La violenta irrupción en la escena mundial del COVID-19, literalmente cambió al planeta en sus usos y costumbres, y en la cosmovisión de la perspectiva de la salud y la sociedad en pleno.
El miedo ganó la punta, sobre el desconocimiento generalizado de la población. Saber que si uno respira el virus, comienza a gestarse un pedido de pena de muerte para el organismo, lo cual aumenta la incertidumbre.
El primer paso que debió ser el ‘aislamiento obligatorio’, fue tomado tardíamente en muchos países del mundo, provocando miles y miles de muertes y un cuarto de millón de personas infectados del virus con forma de corona.
Rápido de reflejos -plausible decisión de verdad- el Gobierno argentino salió muy temprano a plantear el encierro obligado a través de un DNU con fuerza de ley nacional, lo que detuvo muchísimo la propagación del coronavirus que llegaba, agazapado y paciente, a la Argentina para desparramar su manto de infección y muerte también sobre nuestra gente.
COMUNICAR MAS ABIERTAMENTE
Pero -dicen los observadores mas agudos- «le están errando en no decir en cada municipio, en que barrio específico una persona perdió la vida o está contaminado del mal».
Como se sabe, en los municipios no se brindan informaciones sobre los barrios ni las personas.
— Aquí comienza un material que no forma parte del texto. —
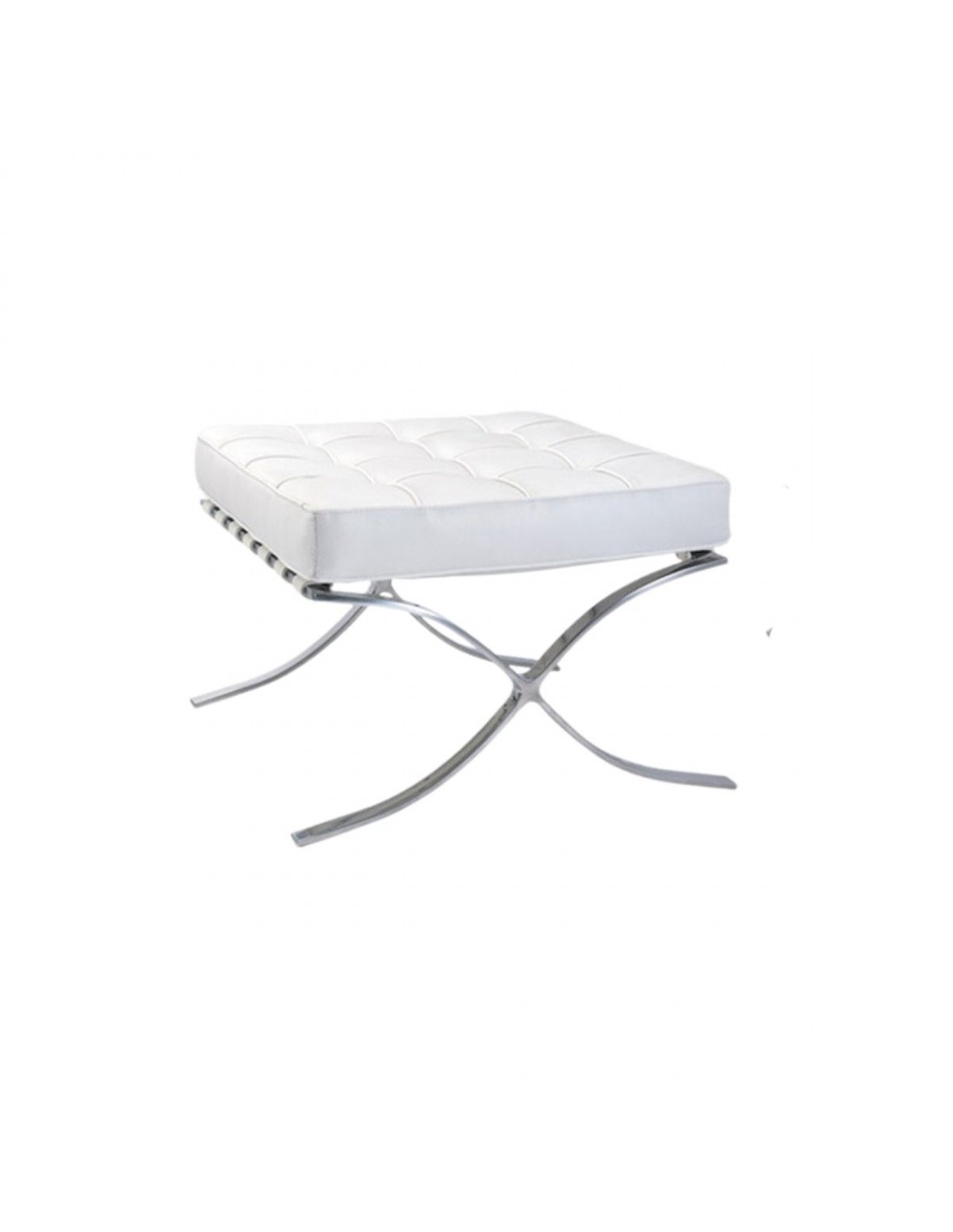 Reposapies de polipiel blanca con patas de acero y asiento con capitoné.

Solo se dan detalles globales, y en algunos casos, no precisos.
La coincidencia general de los médicos es dar a conocer fehacientemente cada caso, de la misma forma que cuando se detecta un caso de cáncer positivo, decírselo al paciente para que sepa, para que luche y para que no viva engañado, como ocurría hace años atrás.
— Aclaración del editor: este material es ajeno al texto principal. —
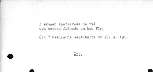 //// - //// I skogen spatserade de två //// och gossen frågade om han får, //// 6:4 ? Svenssons saml.häfte Nr 16. s. 1$1. //// K,', //// i ^^ //// * ////

Pero los políticos parecen haber acordado esconder lo mas posible esa información.
Algunos argumentan que ello «sirve para no crear temor en los barrios…», cuando en realidad, sus silencios exponen al contagio y a la muerte a cada vecino que desconocía -por el silencio oficial- que cerca de su casa, o que en su propio negocio, ingresaba una pérsona portadora de COVID-19.
Sería mucho mas sano, honesto y objetivo, que cada municipio informe fehacientemente al menos el barrio donde se detectó el caso, cosa que en esa zona estén atentos al tema.
BERAZATEGUI
En el caso de Berazategui concretamente, este problema permitió el ‘desparramo’ inconsciente

del coronavirus que alcanzó varios barrios, por no haber advertido en tiempo y forma sobre el mal.
Un vecino del barrio ‘Buenaventura’ -de apellido G.- tras un problema familiar y ya siendo portador de coronavirus hacía 48 hs -sin informar su malestar a su familia- se fue de allí al barrio ‘Orión’, a casa de un familiar, donde G. no solo no avisó su estado de salud, sino que hizo una reunión con truqueada -algunos dicen que fue un bingo familiar- contagiando mas gente, aparte de sus ‘víctimas’ de ‘Buenaventura’.
Hoy hay gente internada con COVID-19 -incluyendo a G.-, un fallecido en la guardia del ‘Evita Pueblo’ de apellido T. (cuya autopsia, curiosamente, no revela coronavirus) y el reciente fallecimiento de otro vecino, de 45 años y que murió en su casa sin haber pedido atención médica, ligado a la misma familia. La nuera y la nieta de G. también están internadas con el mal -según investigamos- y otros familiares -que se siguen negando a hacerse un test o permitir control médico- y vecinos, están internados en la casa de retiros espirituales en El Pato.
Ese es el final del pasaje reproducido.